Although both her and her husband's employers have offered them home equipment, Tara says there's nowhere to put it. She says: "It's depressing - work, sleep and play in all in one room."

Tara was allowed to go back to the office for the first time earlier this month, after mentioning how hard she was finding home-working.

"It was so nice to have an office chair. You know correctly having your feet, having two monitors. I was so much more productive."

Lily O'Hagan has had enough.


The 26-year-old works for the claims department for a car insurance company in Cardiff and lives in a house-share with four men. Three of them are also working from home.

"My room is right next to the front door, so it's almost my unsaid duty to answer it when we get deliveries," she says. It has begun to get frustrating and the house has got messier.
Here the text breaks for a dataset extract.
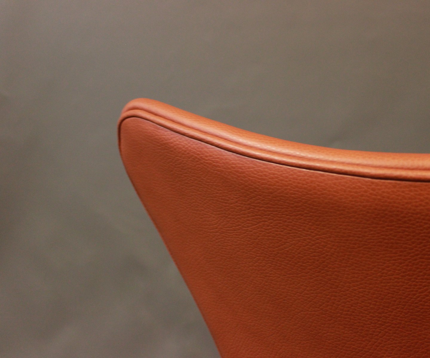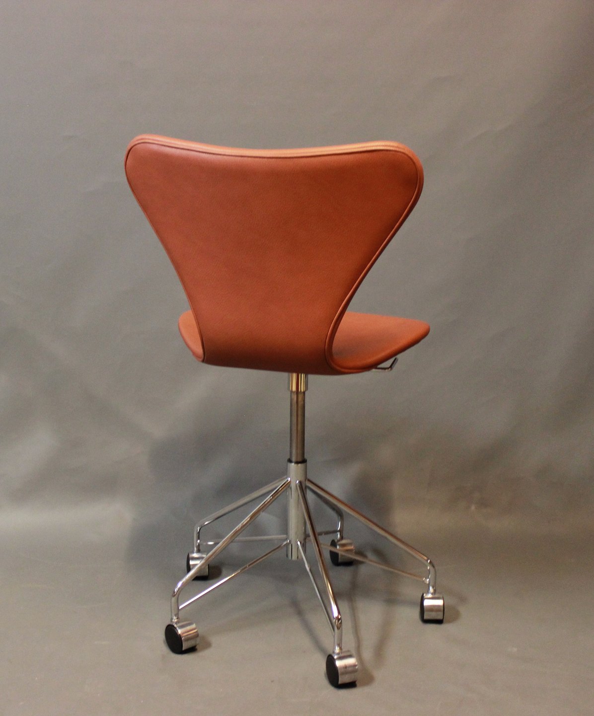 SoldSeven office chair, model 3117, in classic cognac colored leather designed by Arne Jacobsen and manufactured by Fritz Hansen in 2017. We have more in stock.

Initially they struggled with the WiFi, as everyone tried to use it at once. "We had to get the landlord to get business broadband set up to make the WiFi faster as it was awful."

Lily works with customer's confidential information so she feels she can't use shared spaces in the house. "Where I am living at the moment there is a bit of a communal area but it's like a staff room. I don't want other people to be able to hear me, so I can't work in there".

And she misses her colleagues. "If I need help we can talk more easily in the office. IT issues make communicating and asking questions much harder".

Her company has said they will eventually let people to return to their buildings, but Lily will be one of the last back as she has asthma.

So she has taken things into her own hands. "I'm moving into a house with more girls - because they're tidier."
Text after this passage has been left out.